The School of Cities at the University of Toronto and the Institute for Governmental Studies at the University of California, Berkeley have been using mobile phone data to track the recovery of 62 downtowns across North America. This work has been being published at, but it has also been widely cited.

First, to be clear on how this works, the data they are collecting is not dependent on people actually making calls or actively consuming data on their phone; instead it is simply based on people having a phone with them and being physically located in one these 62 downtowns. It also covers the period between January 2019 and November 2022, and includes cities with least 350,000 people.

I’m not exactly sure how long the phones need to be in a particular place or how they treat time in their data, but the unit of measure is something that they call a “Point of Interest.” This includes things like restaurants and shops, so presumably this data isn’t just saying, ” I went downtown and sat in my office for 8 hours.” It could also be, “I went downtown and ate good pasta.”

I say this because, based on my understanding of the data, having a high Recovery Quotient (RQ) could mean a number of different things. It could mean that more people are back in the office, but it could also mean that the downtown isn’t a monoculture and that it has other things going on besides just work.
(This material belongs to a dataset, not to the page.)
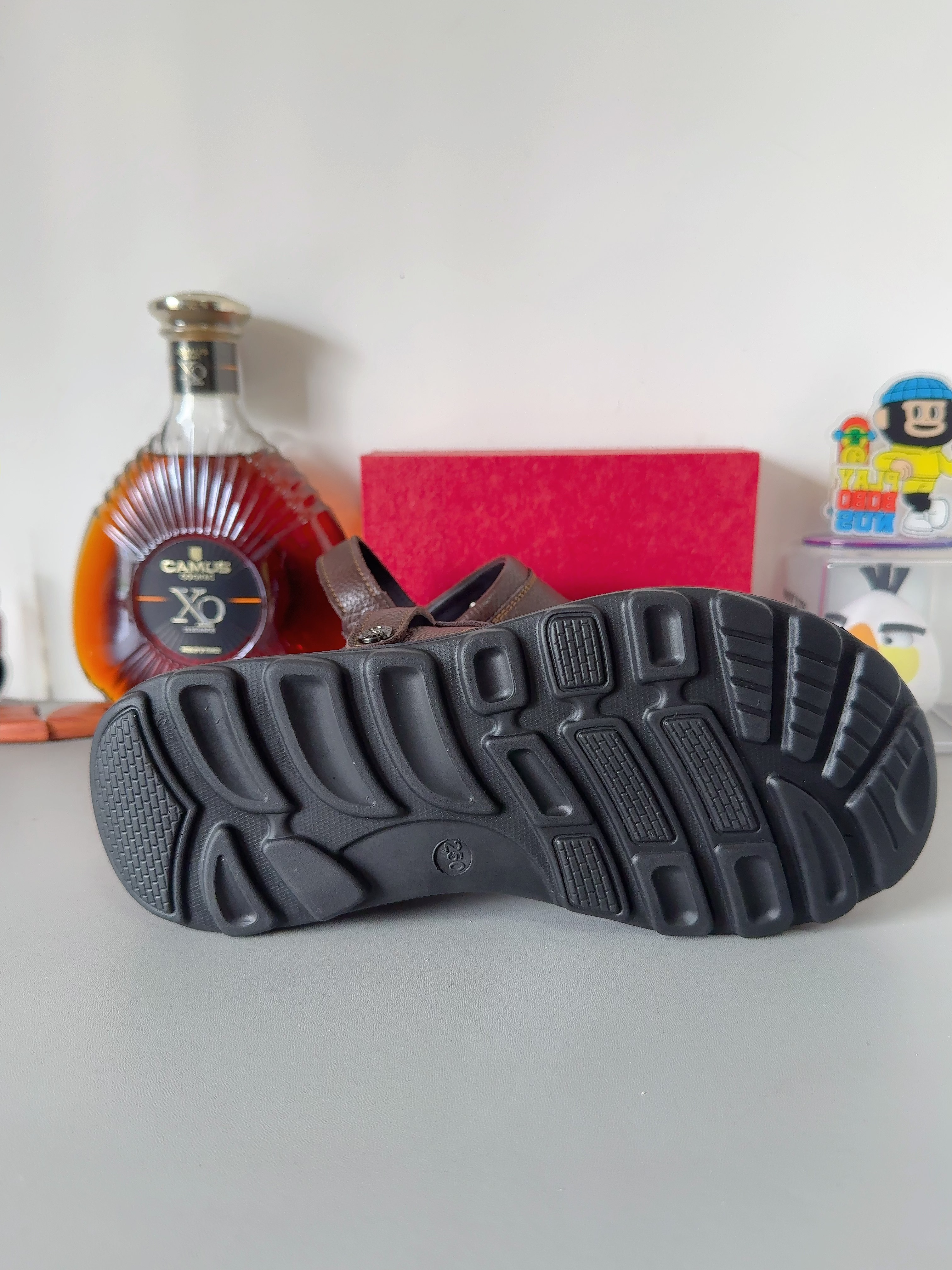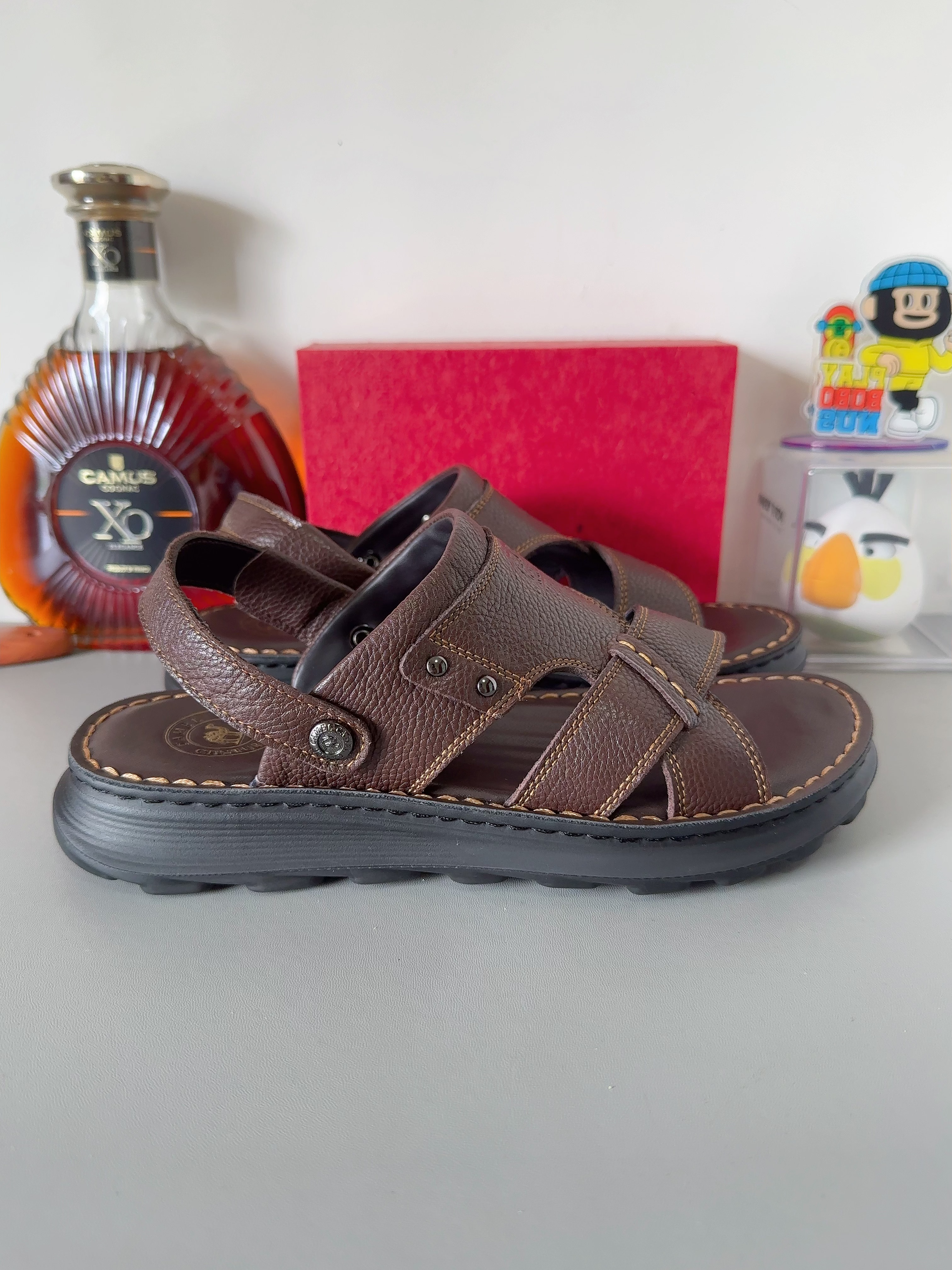 这双凉拖鞋床超软,鞋面真牛皮质感超好! 上脚舒服!自己穿也可以买长辈穿也不错 中底它是填了乳胶啊,一般的这种凉鞋要软很多很舒服,而且后面还可以调节也可以当拖鞋去穿,非常的方便!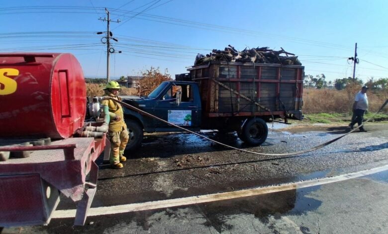 Apatzingán, Michoacán – 19 de diciembre de 2025. Una camioneta de carga que transportaba madera estuvo a punto de convertirse en una bola de fuego sobre la carretera Cuatro Caminos-Apatzingán. El conductor, al percibir una densa columna de humo que salía de su carga, detuvo el vehículo inmediatamente y dio aviso a las autoridades. Minutos después, elementos de Bomberos y Protección Civil Municipal llegaron al lugar justo cuando las primeras llamas comenzaban a aparecer.

In any event, here’s what they have found:

The headline finding is that San Francisco has the lowest RQ at 31% and Salt Lake City has the highest at 135%. There does appear to be a bias toward higher recoveries with mid-sized cities, and one of the reasons for this is that these recovery quotients appear to be correlated with average commute times:

Some of the other strongly correlated explanations, include the percentage of jobs in professional, scientific, and technical fields:

And the number of days that events were shut down during the pandemic (note the Canadian cities on the right below; welcome, New Orleans):

I suppose one way to grossly oversimplify these findings is to say that some people have been avoiding going downtown if they can’t quickly drive there (and have to take transit), if their job more easily allows them to work from home, and if things were shut down for too long during the pandemic. Because if it was, they maybe forgot about all of the fun things that typically happen downtown.